*** DATASET EXCERPT ***
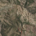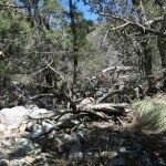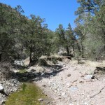 I was exhausted when I reached the side drainage – and there was no sign of smoke. I began to wonder if maybe the “smoke” I’d seen had actually been dust raised by the passage of a vehicle on the road, a mile farther away. In any event, I had no interest in retracing my steps after that desperate run downhill.
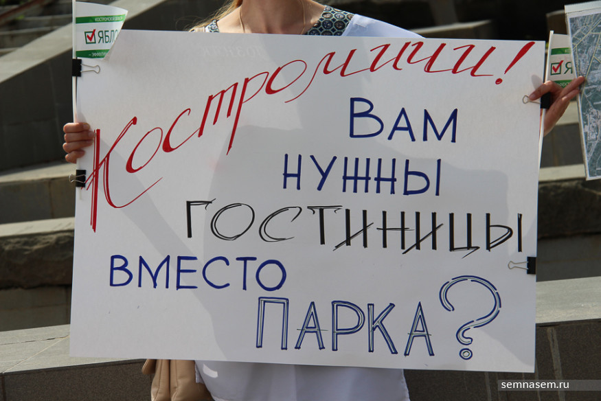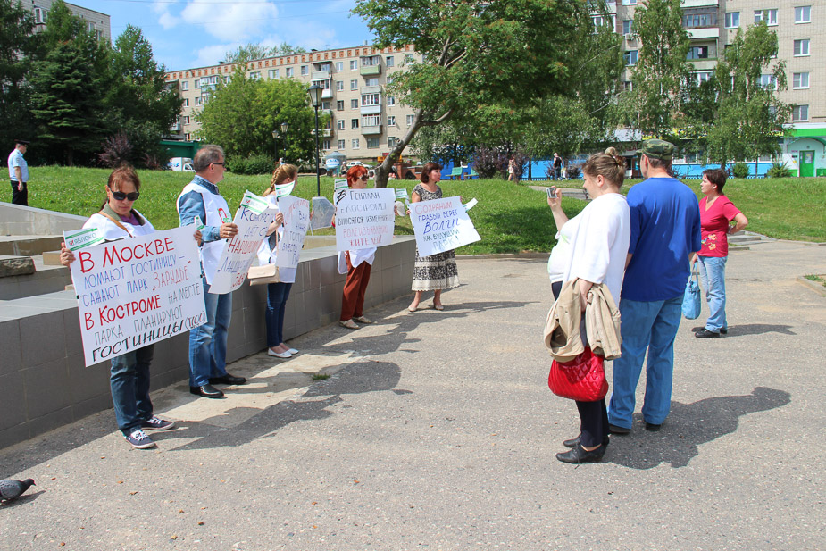 Активисты экодвижения «Во имя жизни» и представители партии «Яблоко» 7 июля провели пикет против застройки зеленой зоны на набережной Волги в Заволжском районе Костромы, — передает корреспондент «7х7».
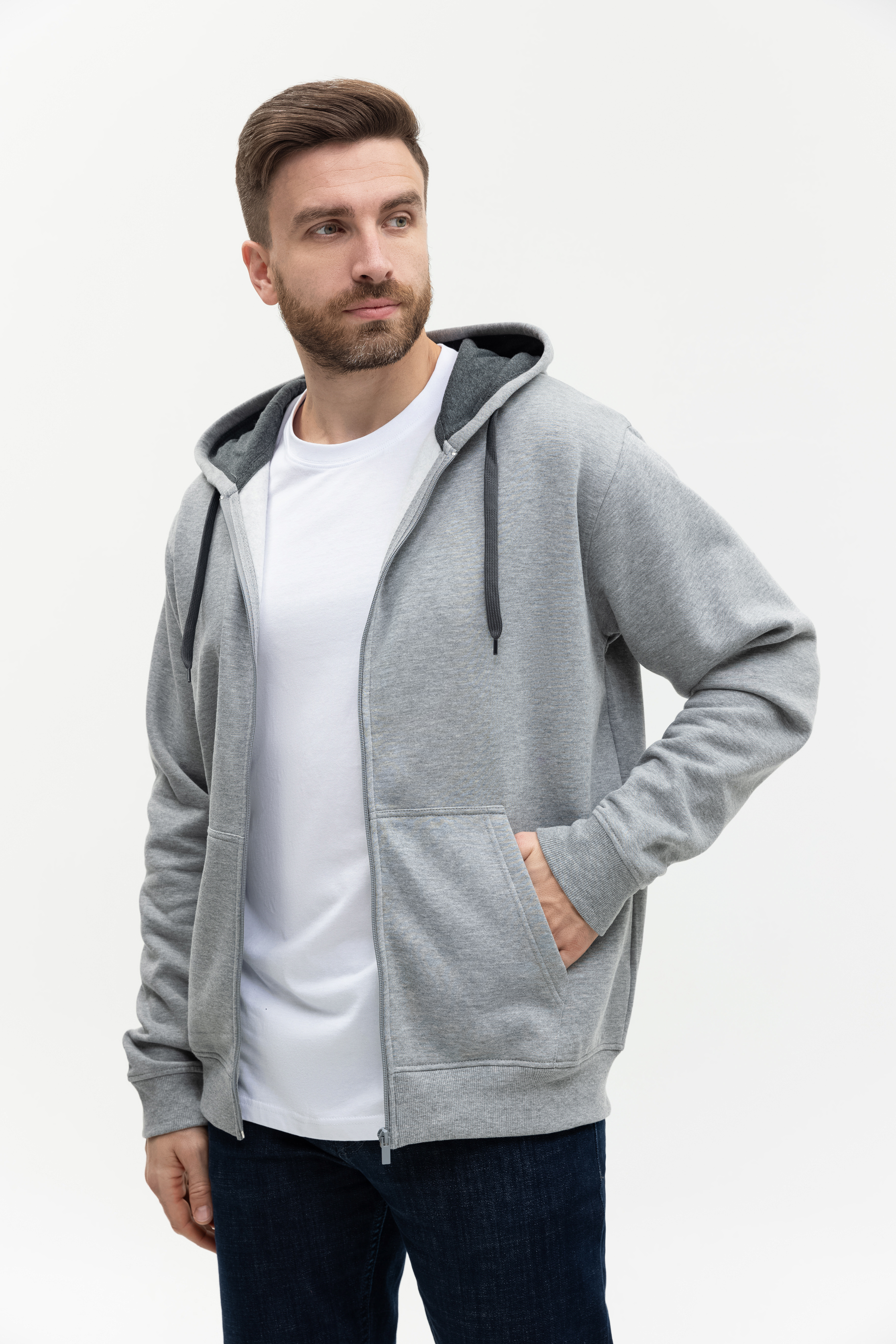 Толстовка мужская STAN с капюшоном на молнии футер с начёсом 280, 17, Серый меланж, (50/60) (46/S)
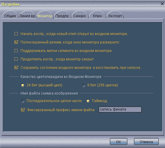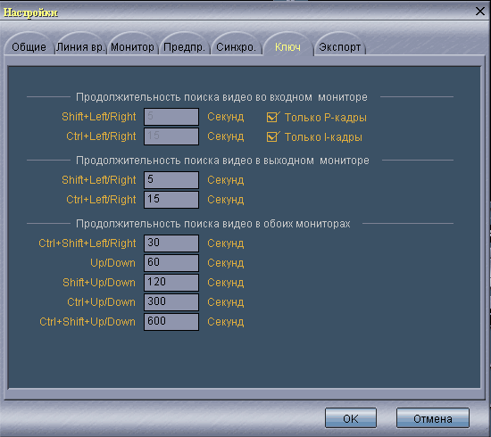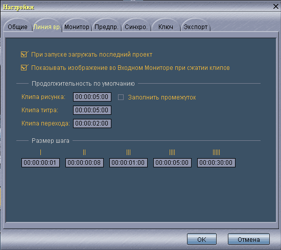 заданными на вкладке Линия Времени окна Настройки. Данная вкладка определяет клавиатурные
***
REQUIREMENT: Retype, word for word, only the lines from the line with "Толстовка мужская STAN" to the final line of the listing above; the pictures do not belong in the copy.

RESULT OF THE EXERCISE:
 Толстовка мужская STAN с капюшоном на молнии футер с начёсом 280, 17, Серый меланж, (50/60) (46/S)
 заданными на вкладке Линия Времени окна Настройки. Данная вкладка определяет клавиатурные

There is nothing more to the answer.